Theory behind the method

SEM is inspired by the theory of latent semantic analysis (LSA) (Landauer & Dumais, 1997; Landauer, McNamara, Dennis, & Kintsch, 2007). According to this theory humans posses knowledge and they express their knowledge through language (or words). How the words occur in text with relation to each other basically determine the meaning and communicate the knowledge. Based on experimental research we have found support that SEM significantly distinguishes between correct and incorrect statements.

Summary of the Invention

More particularly, the object of SEM is to provide a computer implemented method and a system that allows for prediction of the correctness of a statement. The method is performed on at least one computer and comprising the steps of: collecting a text corpus comprising a set of words; generating a representation of the text corpus; creating a semantic space for the set of words, summarizing statements in the semantic space, training on a set of training statements where the correctness is known to identify a prediction model, applying the model to statements for predicting correctness.

Here, a "text corpus" is a large and structured set of texts which is typically electronically stored and which may be electronically processed. The text corpus may contain texts in a single language or text data in multiple languages, and is collected by using conventional, known methods and systems.

A "semantic space" is the result of a mathematical algorithm that takes a text corpus as an input and creates a high dimensional space, where the dimensions in the space corresponds to semantic qualities, or features in of the words in the corpus. For example, one dimension may represent whether the words relate to something that is alive, whereas another dimension may represent to what extent the word relates to an emotion. Synonyms are located nearby each other in the space, and the distance between words is a measure of how semantically close the words are. The distance between two words is typically measured by the cosines of the angel between vectors representing the words, although other distant measures may also be used. Semantic spaces are created by using information of co-occurrence, and examples of algorithms for creating semantic spaces include the known Latent Semantic Analysis (LSA) (Landauer & Dumais, 1997; Landauer, et al, 2007), Independent Component Analysis and the random indexing (RI) method (Sahlgren, 2007).

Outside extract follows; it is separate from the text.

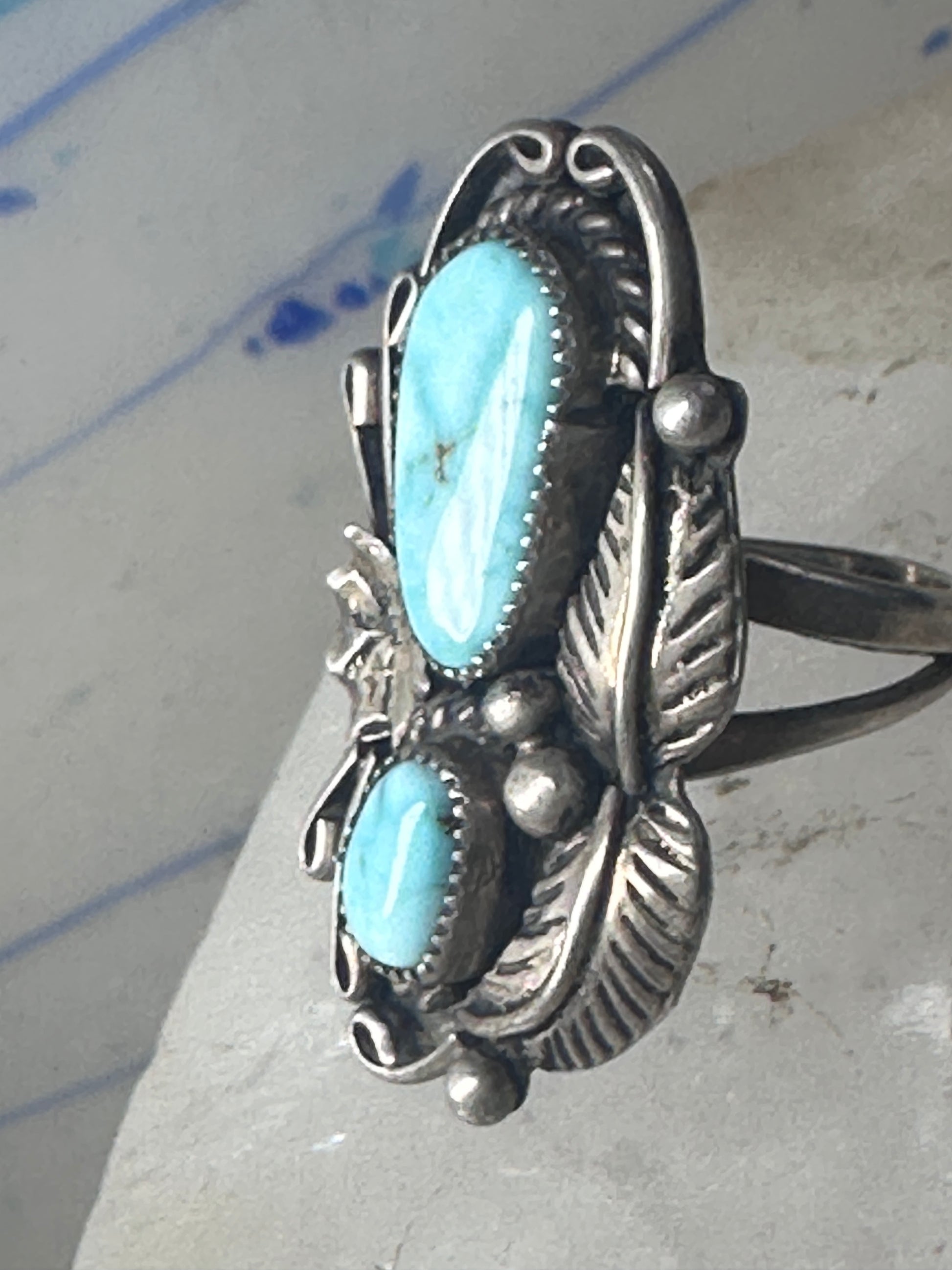 Long Navajo ring Turquoise leaves squash blossom sterling silver size 5.50 women girls

A location in the semantic space is a point in the semantic space, which represents e.g. a word, but may also represent several words or even set(s) of keywords. A "semantic dimension" is any judgment relating to the meaning (semantic) of a word (concept), such as positive or negative evaluations, trustworthiness, innovations, intelligence, etc.

By statements we mean any form of set of words generated by humans. Statements can be generated in writing or orally. Statements can be correct, incorrect, or partly correct. Comparing the statement with an external criterion may validate the correctness of the statement.

In a preferred embodiment of the computer-implemented method said text corpus is an electronically structured and processed set of texts, and said text corpus contains texts in a single language which is the same language as is used for said new statement whose correctness is to be predicted.

In a preferred embodiment of said method method, said semantic space is calculated using an algorithm selected from the group of LSA or RI. Preferably, the semantic space is then compressed using the algorithm SVD.

In a preferred embodiment of said method, the frequency is normalized by taking a logarithm of the frequency when creating a semantic space using the LSA algorithm. In a preferred embodiment of said method, said text corpus comprise more than ten times, preferable more than fifty times as many words as said statement whose correctness is to be predicted.

According to another aspect of the invention, a system for predicting a value of a variable associated with a target word is described. The system comprises at least one computer and is configured to: collect a text corpus comprising a set of words; generate a representation of the text corpus; create a semantic space for the set of words, based on the representation of the text corpus; define, for a location in the semantic space; based on the semantic space and the defined variable value of the location in the semantic space; and calculate a predicted value of the target word, on basis of the semantic space, the defined variable value of the location in the semantic space and the estimated variable value of the target word.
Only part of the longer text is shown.